What is being asked ▸
Produce a word-for-word copy of the listing below without its pictures.

Data ▸
____
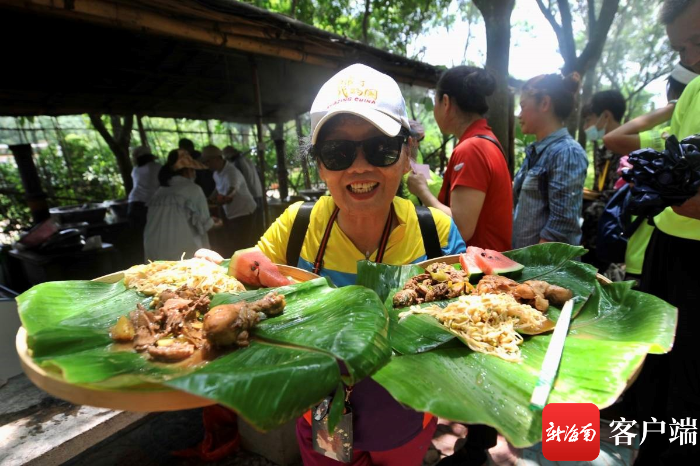 中午時分,參加活動的游客們興致勃勃地品嘗了海南特色美食簸箕餐。簸箕餐是黎族苗族傳統餐食,具有濃郁的農家風味和民族特色。下午游客們還參觀了鱷魚基地。雖然人工飼養的鱷魚比起野生的少了一些野性,但與水中惡獸近距離地接觸,還是讓游客們感到非常驚心、開心。
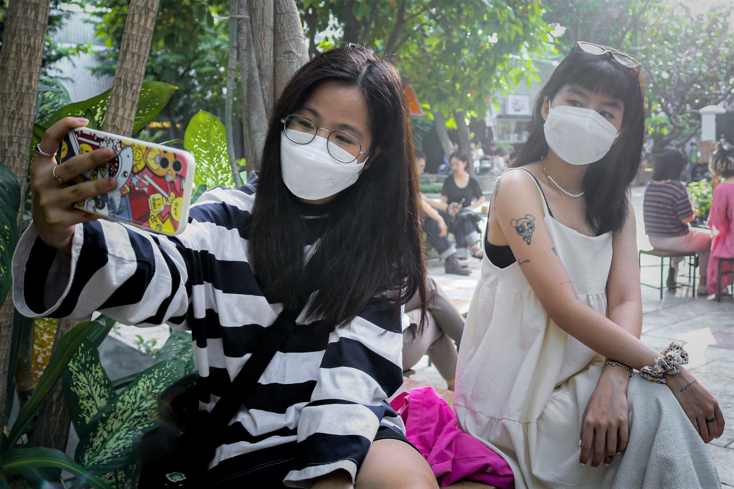 Sau khi dùng bữa tại đây, nhóm bạn của Minh Phát và Kim Chi (cùng sinh năm 2004, ngụ ở quận Tân Phú) tìm view đẹp để chụp ảnh cho nhau.
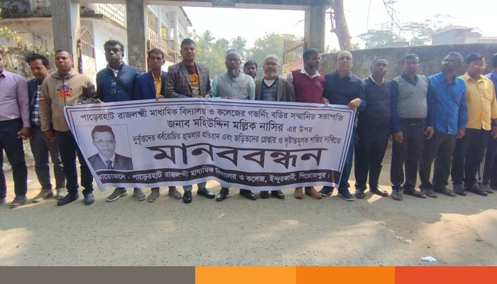 মঙ্গলবার (১৭ ফেব্রুয়ারি) সকাল সাড়ে ১১ টায় পাড়েরহাট রাজলক্ষ্মী মাধ্যমিক বিদ্যালয় ও কলেজ এর সামনে শিক্ষক ও শিক্ষার্থীদের আয়োজনে এ মানববন্ধন অনুষ্ঠিত হয়।
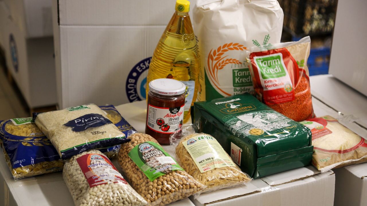 Ramazan için hazırlanan gıda kolilerinde temel ihtiyaç ürünleri yer alıyor. Kolilerde 2 kilogram buğday unu, 1 kilogram nohut, 1 kilogram fasulye, 1 kilogram pilavlık bulgur, Osmancık pirinç, 1 kilogram yeşil mercimek, fiyonk ve burgu makarna, 500 gram erişte, 500 gram çay, 680 gram salça ile 1 litre ayçiçek yağı bulunuyor. Bu içerik, Ramazan sofralarının temel ihtiyaçlarını karşılayacak şekilde özenle planlandı.
____
Solved exercise ▸
 中午時分,參加活動的游客們興致勃勃地品嘗了海南特色美食簸箕餐。簸箕餐是黎族苗族傳統餐食,具有濃郁的農家風味和民族特色。下午游客們還參觀了鱷魚基地。雖然人工飼養的鱷魚比起野生的少了一些野性,但與水中惡獸近距離地接觸,還是讓游客們感到非常驚心、開心。
 Sau khi dùng bữa tại đây, nhóm bạn của Minh Phát và Kim Chi (cùng sinh năm 2004, ngụ ở quận Tân Phú) tìm view đẹp để chụp ảnh cho nhau.
 মঙ্গলবার (১৭ ফেব্রুয়ারি) সকাল সাড়ে ১১ টায় পাড়েরহাট রাজলক্ষ্মী মাধ্যমিক বিদ্যালয় ও কলেজ এর সামনে শিক্ষক ও শিক্ষার্থীদের আয়োজনে এ মানববন্ধন অনুষ্ঠিত হয়।
 Ramazan için hazırlanan gıda kolilerinde temel ihtiyaç ürünleri yer alıyor. Kolilerde 2 kilogram buğday unu, 1 kilogram nohut, 1 kilogram fasulye, 1 kilogram pilavlık bulgur, Osmancık pirinç, 1 kilogram yeşil mercimek, fiyonk ve burgu makarna, 500 gram erişte, 500 gram çay, 680 gram salça ile 1 litre ayçiçek yağı bulunuyor. Bu içerik, Ramazan sofralarının temel ihtiyaçlarını karşılayacak şekilde özenle planlandı.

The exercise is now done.